Assigned task >> Exactly the lines below from the line with "Компания Медиаград произвела" through the line with "Nutritional yeast background." must make up the answer, both ends included and pictures left out.

Data records >>
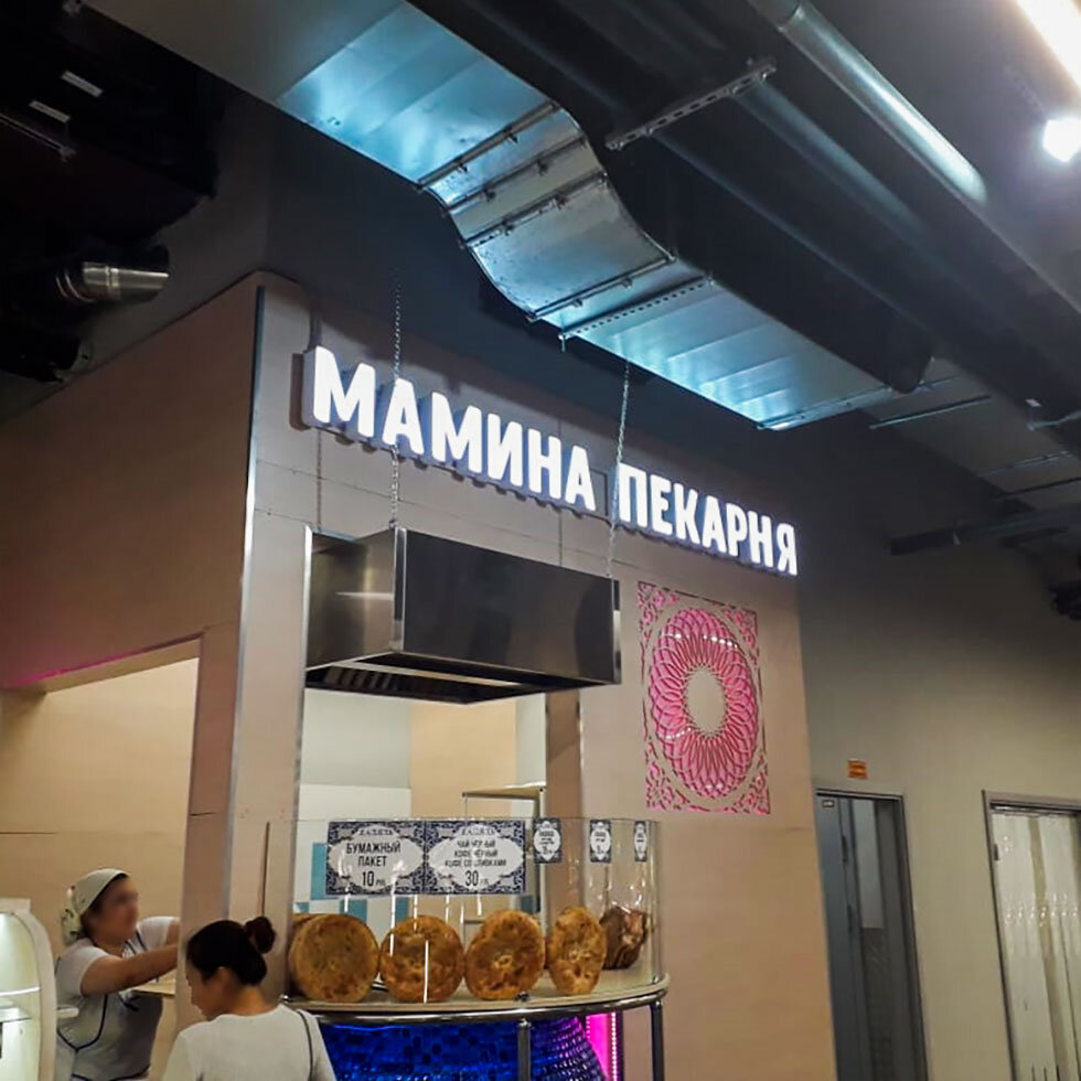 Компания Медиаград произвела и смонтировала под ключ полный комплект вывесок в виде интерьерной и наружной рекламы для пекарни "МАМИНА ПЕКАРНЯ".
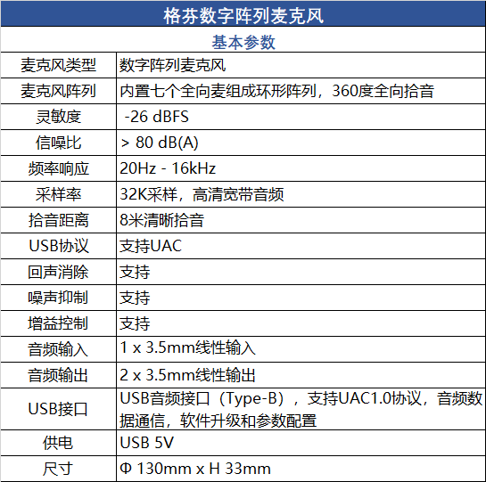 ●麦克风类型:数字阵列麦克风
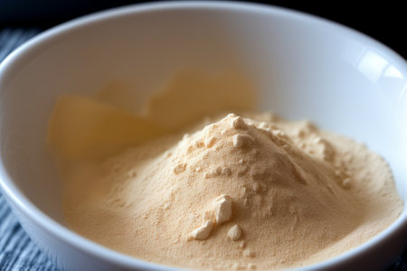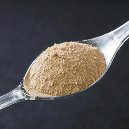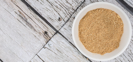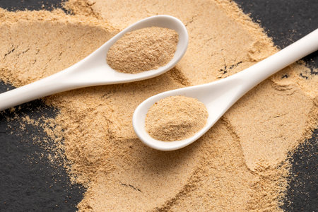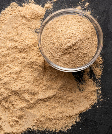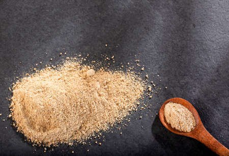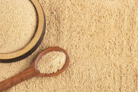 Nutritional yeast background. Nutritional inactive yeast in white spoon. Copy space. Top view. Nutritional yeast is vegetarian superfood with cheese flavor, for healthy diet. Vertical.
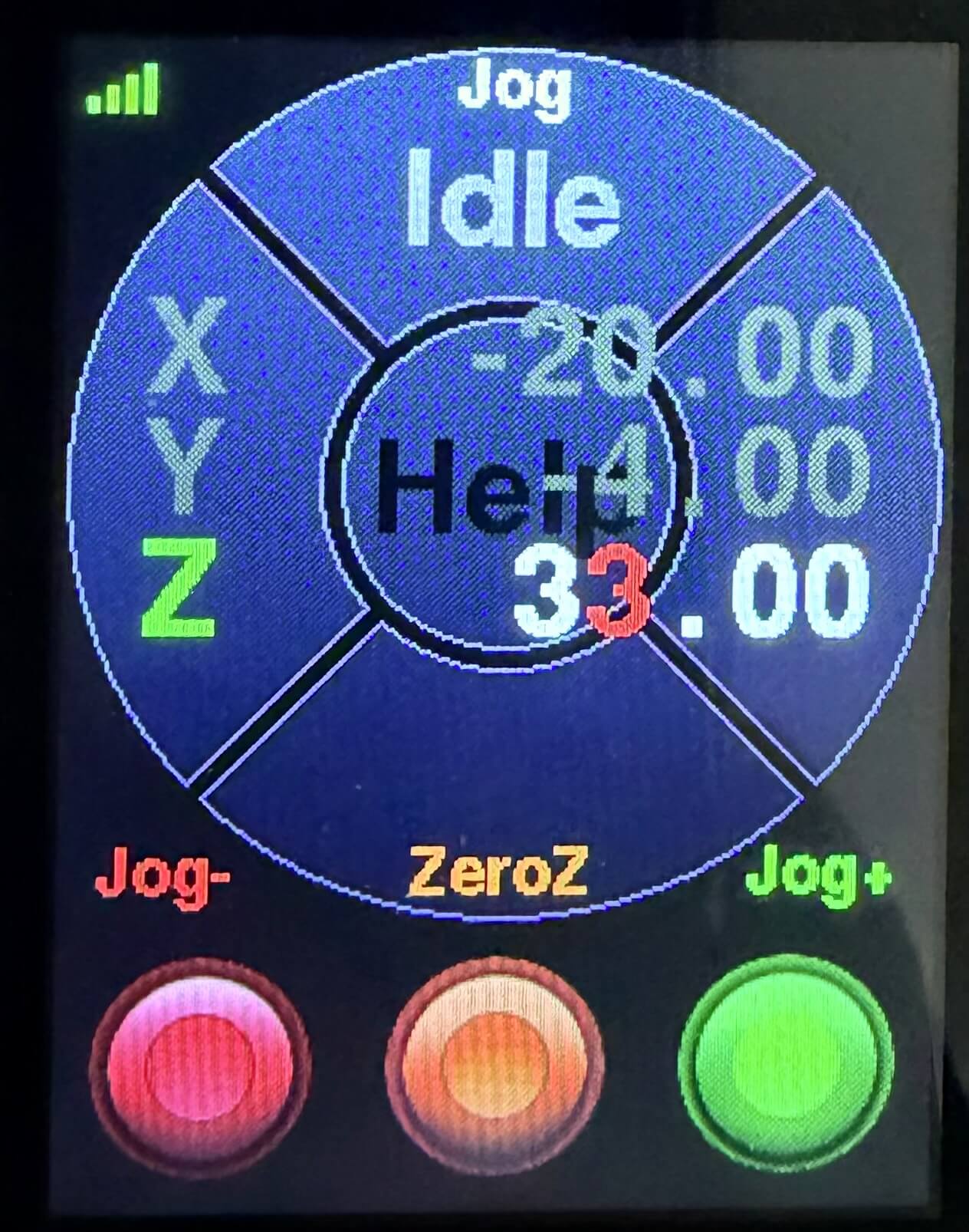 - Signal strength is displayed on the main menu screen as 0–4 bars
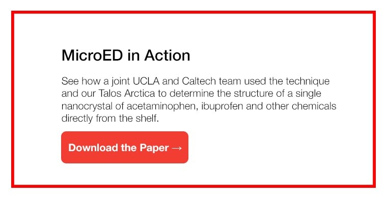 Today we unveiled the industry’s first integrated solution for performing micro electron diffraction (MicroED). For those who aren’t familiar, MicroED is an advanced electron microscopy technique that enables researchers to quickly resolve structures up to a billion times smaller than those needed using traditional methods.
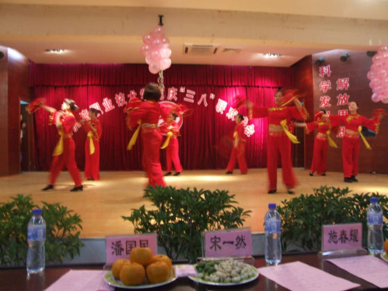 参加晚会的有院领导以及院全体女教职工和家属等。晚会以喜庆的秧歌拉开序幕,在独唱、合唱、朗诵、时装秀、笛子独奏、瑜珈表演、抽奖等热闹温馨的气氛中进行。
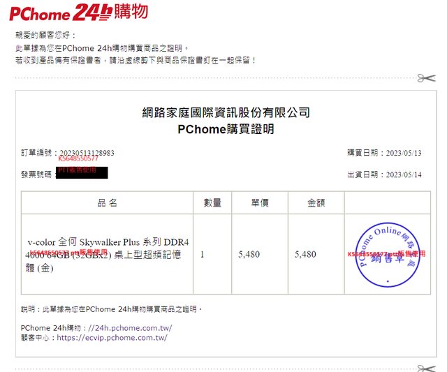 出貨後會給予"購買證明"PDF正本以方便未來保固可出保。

* * *

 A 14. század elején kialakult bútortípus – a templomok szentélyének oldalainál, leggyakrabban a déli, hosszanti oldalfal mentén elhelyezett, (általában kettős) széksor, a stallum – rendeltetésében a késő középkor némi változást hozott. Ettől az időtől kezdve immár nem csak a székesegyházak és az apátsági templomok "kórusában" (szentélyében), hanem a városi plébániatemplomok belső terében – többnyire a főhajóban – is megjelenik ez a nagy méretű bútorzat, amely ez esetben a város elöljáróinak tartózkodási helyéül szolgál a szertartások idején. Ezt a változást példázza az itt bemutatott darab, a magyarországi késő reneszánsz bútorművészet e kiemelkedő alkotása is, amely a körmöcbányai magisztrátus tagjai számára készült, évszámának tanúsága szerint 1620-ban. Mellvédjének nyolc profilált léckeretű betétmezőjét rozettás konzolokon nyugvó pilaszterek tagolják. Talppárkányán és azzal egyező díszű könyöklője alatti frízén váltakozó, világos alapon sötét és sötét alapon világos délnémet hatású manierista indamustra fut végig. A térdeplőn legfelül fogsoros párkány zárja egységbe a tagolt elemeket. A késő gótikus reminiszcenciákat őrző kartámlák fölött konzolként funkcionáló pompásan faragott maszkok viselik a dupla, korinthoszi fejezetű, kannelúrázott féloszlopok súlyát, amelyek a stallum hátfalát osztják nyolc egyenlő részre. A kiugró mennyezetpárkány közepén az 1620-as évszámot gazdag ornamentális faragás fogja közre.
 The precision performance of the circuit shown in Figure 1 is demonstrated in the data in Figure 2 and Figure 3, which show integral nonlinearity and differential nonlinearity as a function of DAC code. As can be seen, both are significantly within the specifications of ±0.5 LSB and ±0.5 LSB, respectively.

==

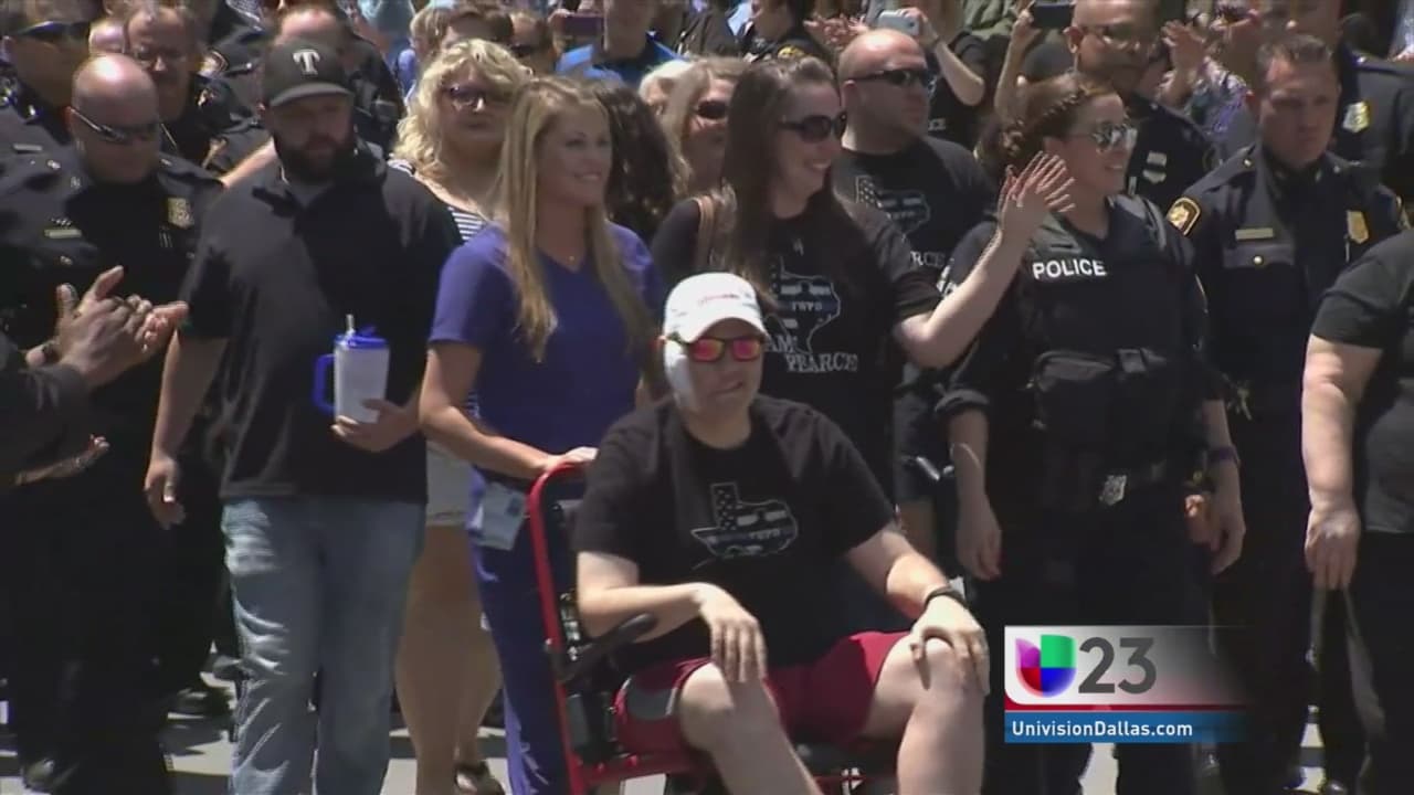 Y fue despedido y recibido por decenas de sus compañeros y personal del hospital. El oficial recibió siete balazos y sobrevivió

Response below >>
 Компания Медиаград произвела и смонтировала под ключ полный комплект вывесок в виде интерьерной и наружной рекламы для пекарни "МАМИНА ПЕКАРНЯ".
 ●麦克风类型:数字阵列麦克风
 Nutritional yeast background. Nutritional inactive yeast in white spoon. Copy space. Top view. Nutritional yeast is vegetarian superfood with cheese flavor, for healthy diet. Vertical.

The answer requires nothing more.